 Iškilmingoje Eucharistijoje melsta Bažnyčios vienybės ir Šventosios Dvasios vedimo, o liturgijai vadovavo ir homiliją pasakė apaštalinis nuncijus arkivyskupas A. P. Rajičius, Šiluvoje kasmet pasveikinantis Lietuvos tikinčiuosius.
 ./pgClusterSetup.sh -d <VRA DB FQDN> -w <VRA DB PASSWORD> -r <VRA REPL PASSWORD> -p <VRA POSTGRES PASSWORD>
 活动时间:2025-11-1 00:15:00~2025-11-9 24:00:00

----------------

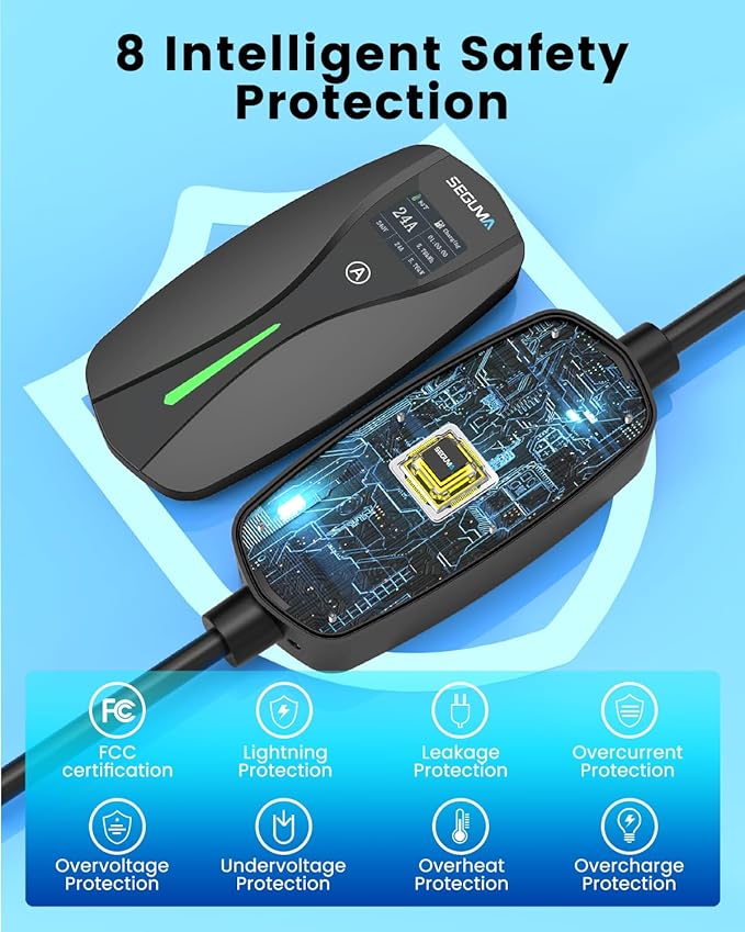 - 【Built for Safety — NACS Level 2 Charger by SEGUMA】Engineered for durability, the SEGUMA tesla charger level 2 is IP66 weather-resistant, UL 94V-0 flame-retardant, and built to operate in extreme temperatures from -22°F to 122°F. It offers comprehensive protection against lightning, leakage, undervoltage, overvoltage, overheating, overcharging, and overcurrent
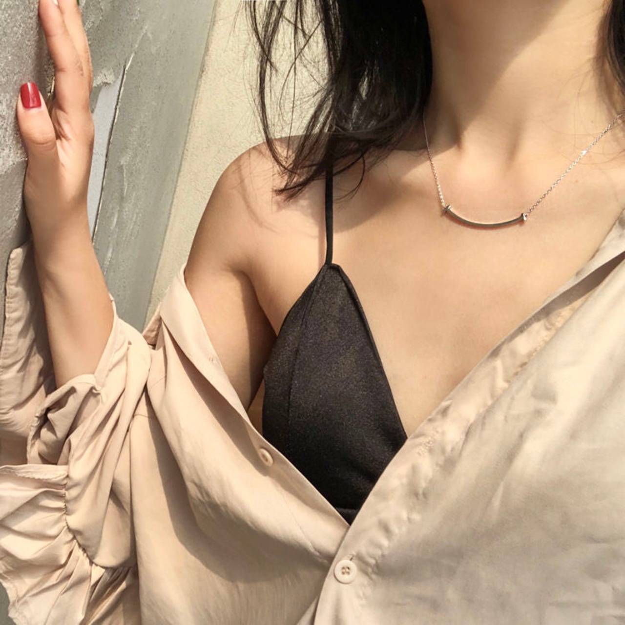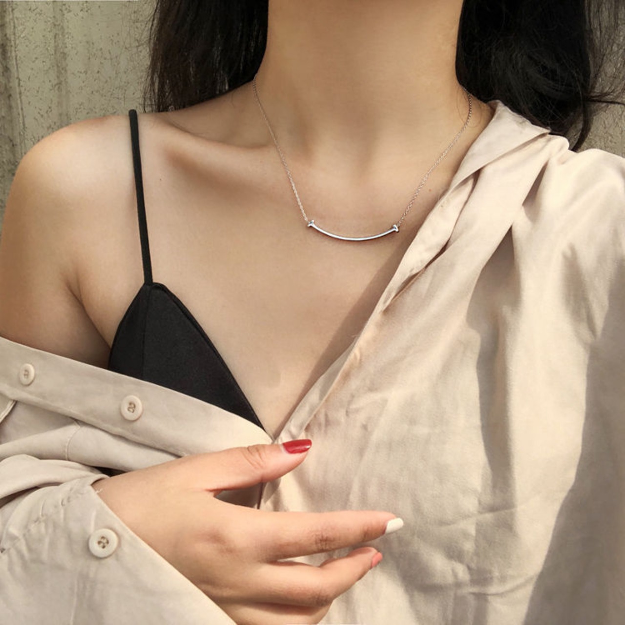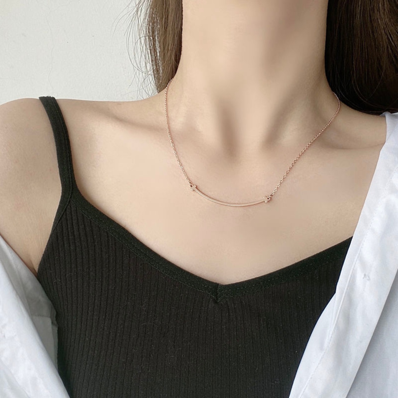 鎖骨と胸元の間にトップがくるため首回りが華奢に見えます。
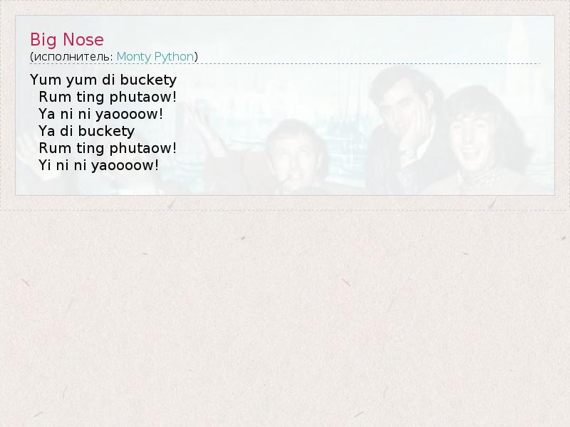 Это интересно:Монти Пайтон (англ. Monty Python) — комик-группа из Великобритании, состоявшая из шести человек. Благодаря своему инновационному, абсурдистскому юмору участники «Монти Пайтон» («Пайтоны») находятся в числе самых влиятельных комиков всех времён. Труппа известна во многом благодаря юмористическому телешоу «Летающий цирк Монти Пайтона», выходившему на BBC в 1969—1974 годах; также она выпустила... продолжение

----------------

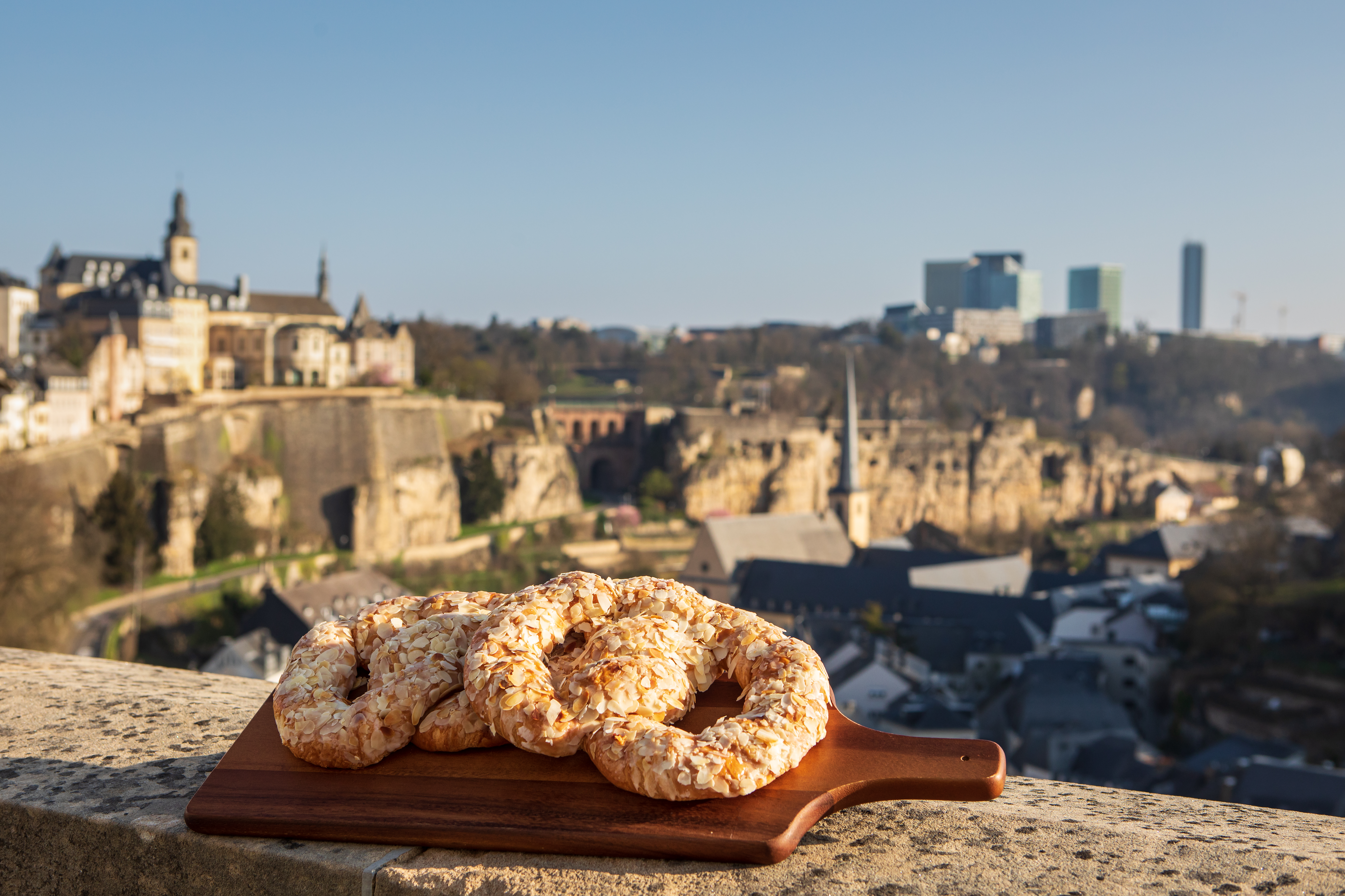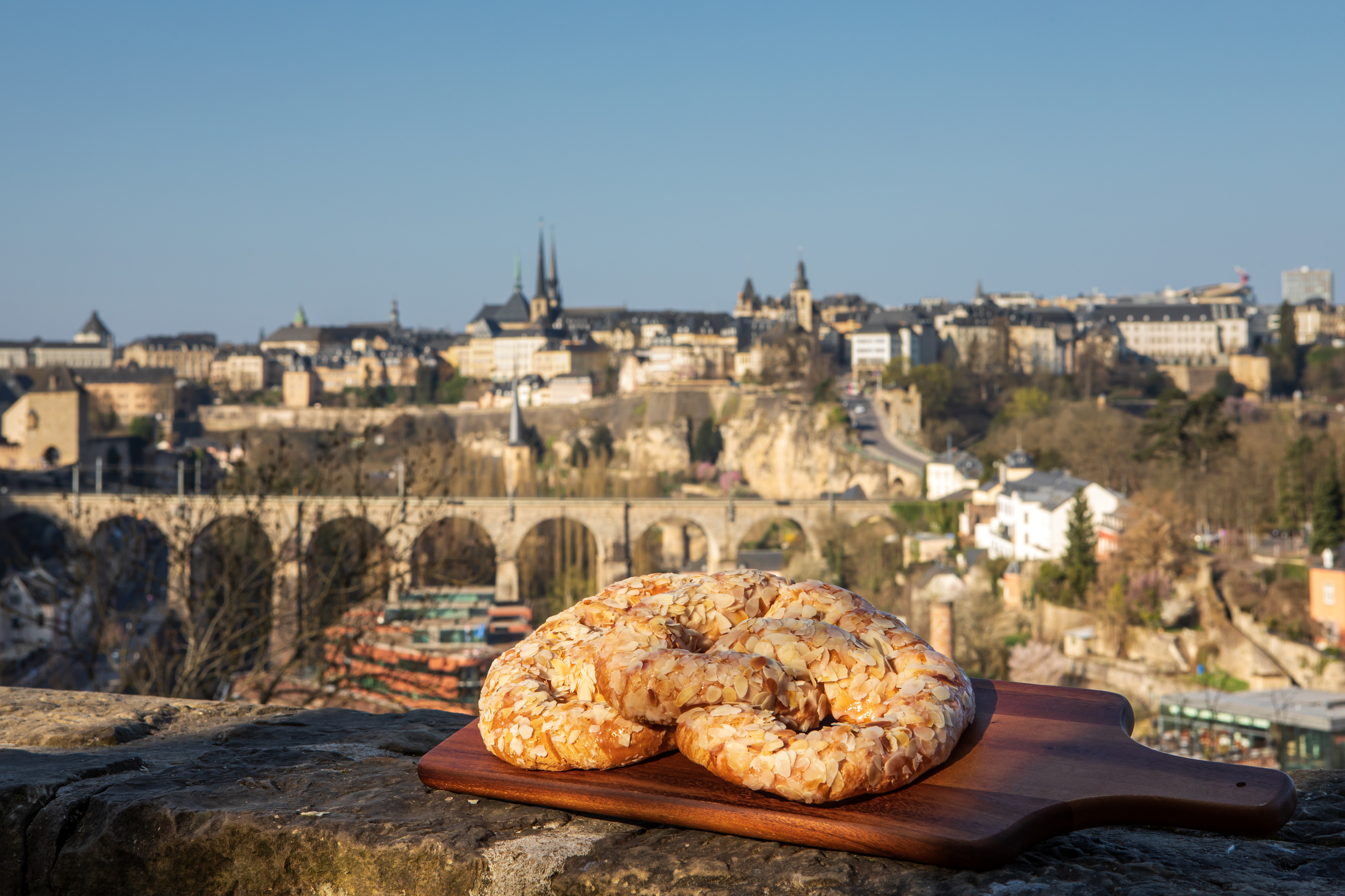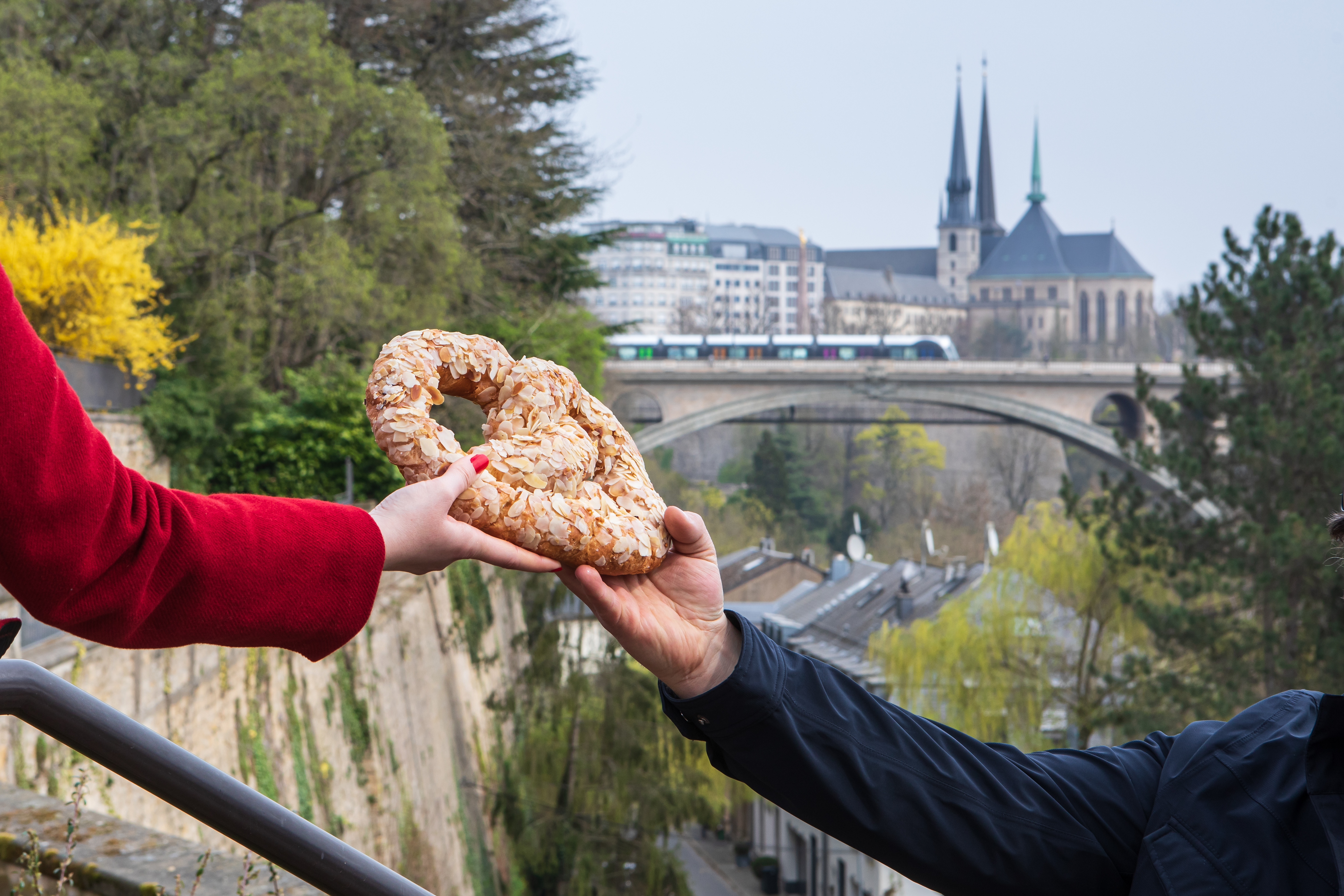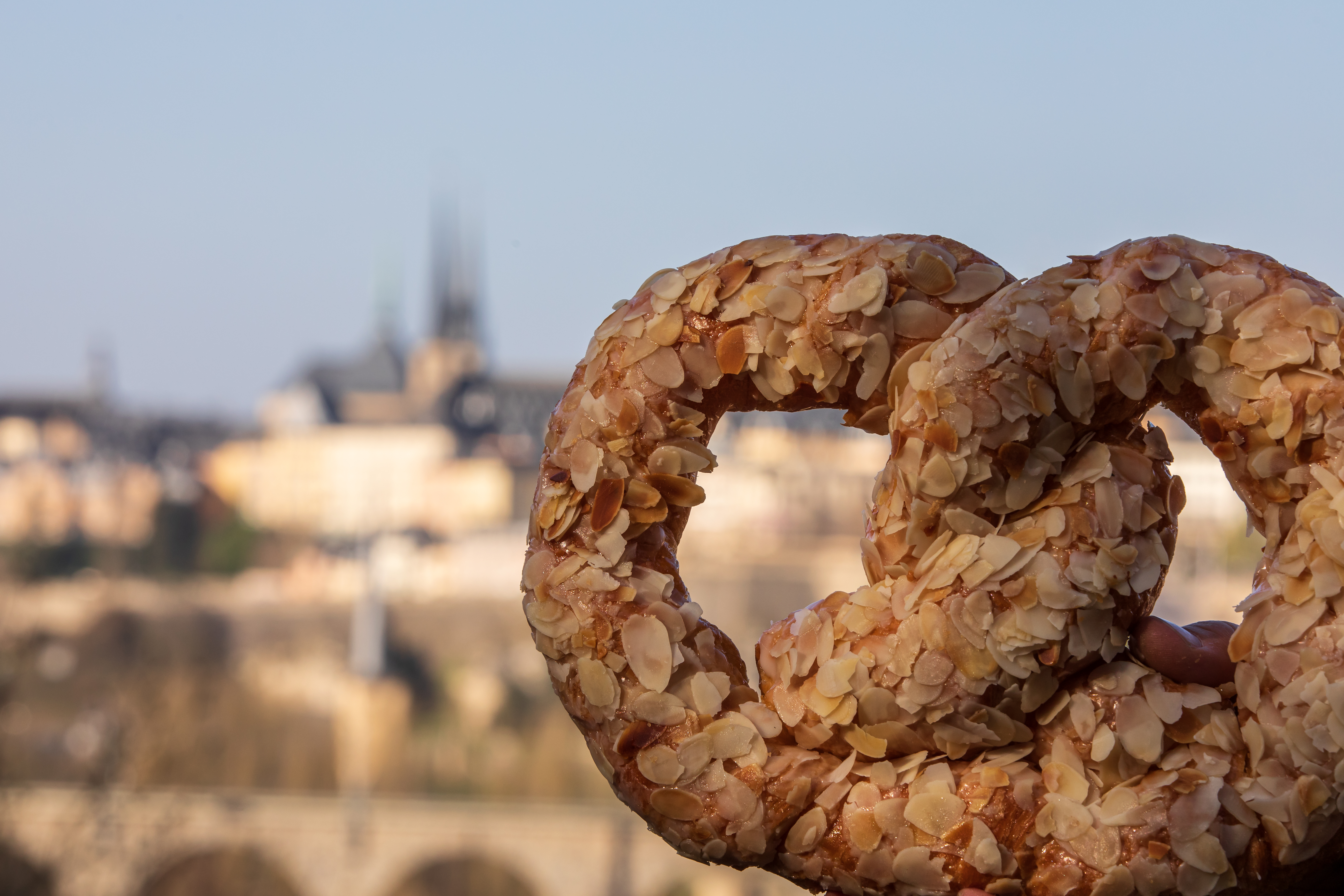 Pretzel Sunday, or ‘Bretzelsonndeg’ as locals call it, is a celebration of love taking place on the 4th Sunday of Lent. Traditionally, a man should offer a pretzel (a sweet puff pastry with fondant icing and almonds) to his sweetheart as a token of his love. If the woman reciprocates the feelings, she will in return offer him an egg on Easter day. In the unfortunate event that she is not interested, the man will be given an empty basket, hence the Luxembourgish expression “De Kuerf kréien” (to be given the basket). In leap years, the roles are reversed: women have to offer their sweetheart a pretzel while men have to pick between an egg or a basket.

----------------

**Activity**
Restate word for word the entries above, starting at the line with "Iškilmingoje Eucharistijoje melsta" and ending at the line with "活动时间:2025-11-1 00:15:00~2025-11-9 24:00:00", inclusive, and no others.

**Answer**
 Iškilmingoje Eucharistijoje melsta Bažnyčios vienybės ir Šventosios Dvasios vedimo, o liturgijai vadovavo ir homiliją pasakė apaštalinis nuncijus arkivyskupas A. P. Rajičius, Šiluvoje kasmet pasveikinantis Lietuvos tikinčiuosius.
 ./pgClusterSetup.sh -d <VRA DB FQDN> -w <VRA DB PASSWORD> -r <VRA REPL PASSWORD> -p <VRA POSTGRES PASSWORD>
 活动时间:2025-11-1 00:15:00~2025-11-9 24:00:00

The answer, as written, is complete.